Recently, it has been shown that it is possible to improve on methods which are optimal for expected behavior but suboptimal when high-probability deviations are concerned (Audibert and Catoni, 2011; Catoni, 2012; Brownlees et al., 2014). These improvements, which are important when dealing with heavy-tailed distributions, suggest that new techniques (e.g., beyond empirical risk minimization) may be able to remove the reliance on boundedness or control of high-order moments. Bubeck et al. (2013) show how a more robust mean estimator can be used for solving the stochastic multi-armed bandit problem under heavy-tailed distributions.

This work applies and generalizes a technique for controlling large deviations from the expected behavior with high probability, assuming only bounded low-order moments such as variances. We show that the technique is applicable to minimization of smooth and strongly convex losses, and derive specific loss bounds for least squares linear regression, which match existing rates, but without requiring the noise or covariates to be bounded or subgaussian. This contrasts with several recent works (Srebro et al., 2010; Hsu et al., 2014; Shamir, 2014) concerned with (possibly regularized) empirical risk minimizers that require such assumptions. It is notable that in finite dimensions, our result implies that a constant factor approximation to the optimal loss can be achieved with a sample size that is independent of the size of the optimal loss. This improves over the recent work of Mahdavi and Jin (2013), which has a logarithmic dependence on the optimal loss, as well as a suboptimal dependence on specific problem parameters (namely condition numbers). We also provide a new generalization of the basic technique for general metric spaces, which we apply to least squares linear regression with heavy tail covariate and noise distributions, yielding an improvement over the computationally expensive procedure of Audibert and Catoni (2011).

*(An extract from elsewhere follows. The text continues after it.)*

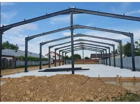 Año de construcción 2026 Material Construcción en acero Superficie total 450 m² Dimensión total L 15000 mm Dimensión total Altura 4500 mm Dimensión total L 30000 mm Información adicional Construcción en acero; Altura de la cresta 6500 mm; Año de construcción 2026; Información adicional Pendiente del tejado: 20 grados; Pintado RAI 5023; La estructura consta de 2 vigas (cerchas de cercha) en los extremos que están hechas de perfil IPE 160, 5 vigas intermedias (cerchas) del perfil IPE 220, 4 columnas en los extremos del perfil IPE 160 y 10 columnas intermedias del perfil IPE 220. 4 columnas de puerta de tubería cuadrada 100x100x4, 6 puntales de presión de tubería 76x4, tira de viento para vigas y columnas de acero galvanizado con tensor de 16mm, toda la estructura está sobre tornillos (desmontable) Estado: sin uso; Toda la estructura incluye un certificado de conformidad para materiales, un SKETCH de construcción y un plano de cimentación. Aprovechándose. |

The basic technique, found in the textbook of Nemirovsky and Yudin (1983, p. 243), is very simple, and can be viewed as a generalization of the median-of-means estimator used by Alon et al. (1999) and many others. The idea is to repeat an estimate several times, by splitting the sample into several groups, and then selecting a single estimator out of the resulting list of candidates. If an estimator from one group is good with noticeably better-than-fair chance, then the selected estimator will be good with probability exponentially close to one. This is remininscant of techniques from robust statistics (Huber, 1981), although our aim is expressly different in that our aim is good performance on the same probability distribution generating the data, rather than an uncontaminated or otherwise better behaved distribution. Our new technique can be cast as a simple selection problem in general metric spaces that generalizes the scalar median.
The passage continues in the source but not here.